In this article, we will delve into the different stages of the Linux networking stack where BPF programs can be attached, exploring why BPF is favored over kernel modules. While the choice of attachment point may appear inconsequential initially, it carries significant implications for the program’s access to information and entails crucial trade-offs. By comprehending the advantages and disadvantages of each stage, network practitioners can make informed decisions that align with their specific requirements.
To fully grasp eBPF (extended Berkeley Packet Filter), it is essential to establish a solid understanding of the differentiation between the kernel and user space in the Linux operating system.
The Linux Kernel
The Linux kernel serves as the intermediary software layer between applications and the underlying hardware on which they run. Applications operate within an unprivileged layer known as user space, which does not have direct access to hardware. Instead, applications make requests through the system call (syscall) interface to communicate their needs to the kernel. These hardware-related requests can involve activities such as reading and writing files, transmitting or receiving network traffic, or accessing memory. Additionally, the kernel is responsible for managing concurrent processes, allowing multiple applications to run simultaneously. This relationship is illustrated in the image below.
The Linux kernel is a highly intricate system, comprising approximately 30 million lines of code as of the time of this writing. Introducing modifications to such a vast codebase requires a certain level of familiarity with the existing code. Unless you are already a kernel developer, this can pose a significant challenge.

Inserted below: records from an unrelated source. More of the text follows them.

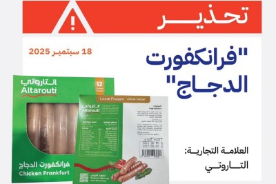 حذرت الهيئة العامة للغذاء والدواء المستهلكين بتجنب استهلاك منتج ”فرانكفورت الدجاج“ الذي يحمل العلامة التجارية ”التاروتي“، وذلك بعد أن أثبتت التحاليل المخبرية تلوثه ببكتيريا قد تشكل خطراً على الصحة العامة. وأوضحت الهيئة أن التحذير يشمل المنتج المعبأ في عبوات بحجم ”12“ قطعة، والذي يحمل رقم التشغيلة ”L2216.ZCN.F“ وتاريخ صلاحية ينتهي في الرابع من مايو 2026 م. وأكدت نتائج الفحوصات تلوث هذه التشغيلة تحديداً ببكتيريا المكورات العنقودية الذهبية ”Staphylococcus aureus“، مما استدعى إصدار... |
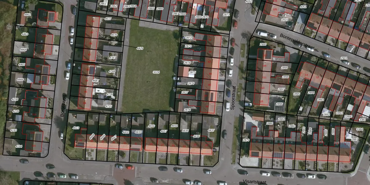 Gebruik de zoekbalk of klik op een perceel om informatie over het perceel te bekijken.
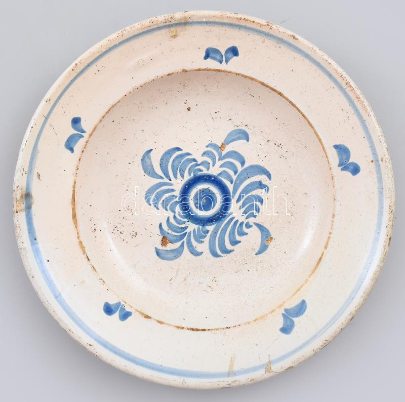 Leírás: Tál. Felvidék, cca 19. sz. második fele, kopással, akasztójánál sérült, d: 23 cm
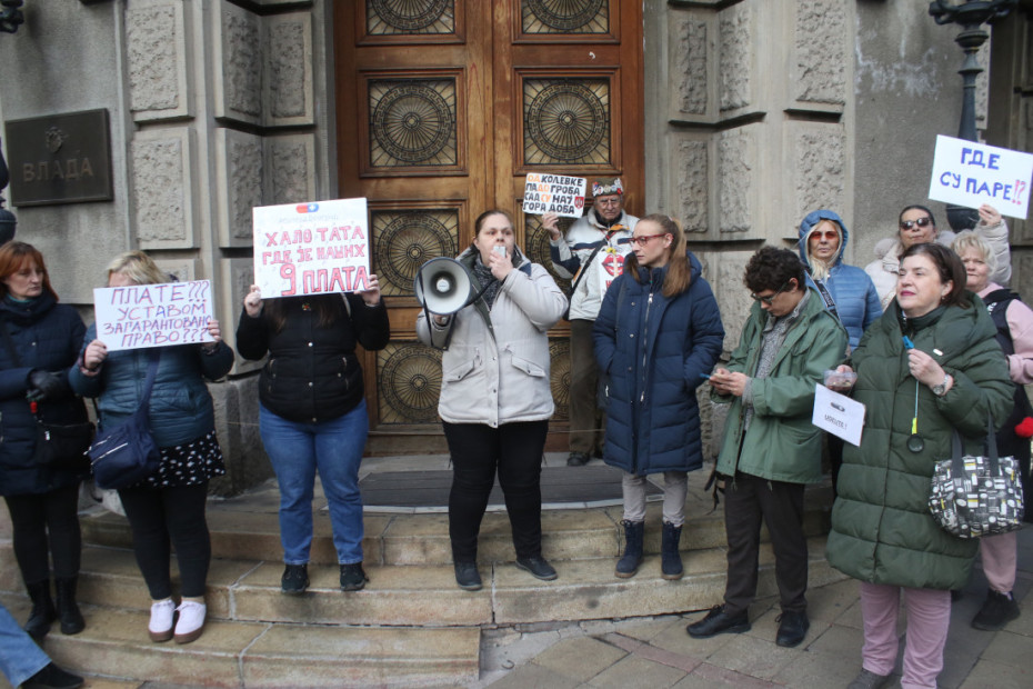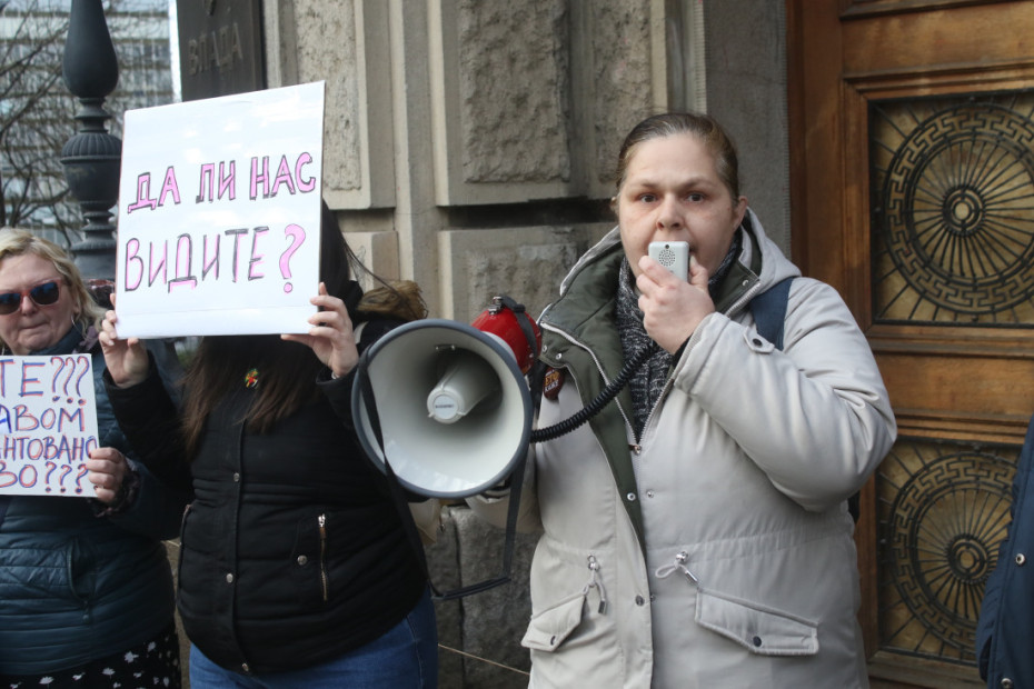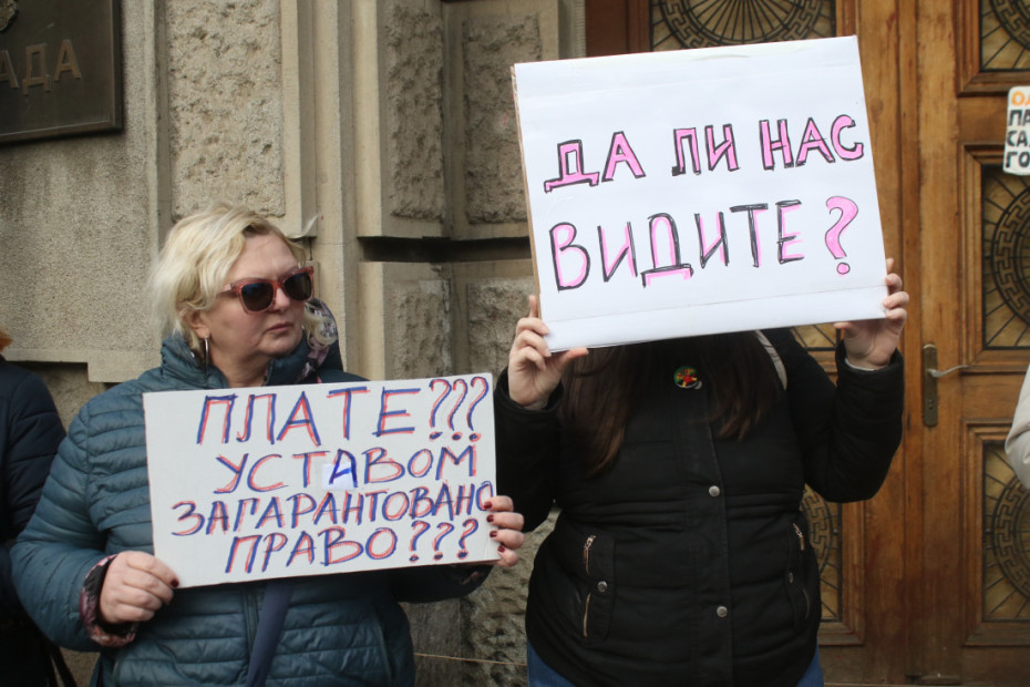 Protest pod sloganom "Halo, tata, gde je naših devet plata" organizovao je sindikat "Opstanak", a okupljeni su sa pištaljkama pravili buku ispred zgrade Vlade Srbije.

Moreover, if your intention is to contribute your changes upstream, you will encounter a challenge that extends beyond the purely technical realm. Linux is a versatile operating system employed in various environments and scenarios. Consequently, for your modifications to become part of an official Linux release, it is not sufficient to write functional code alone. The code must be embraced by the community and, more specifically, gain the acceptance of Linus Torvalds, the creator and principal developer of Linux. It must be viewed as a change that will benefit the collective good. However, such acceptance is not guaranteed, as only approximately one-third of submitted kernel patches are ultimately incorporated.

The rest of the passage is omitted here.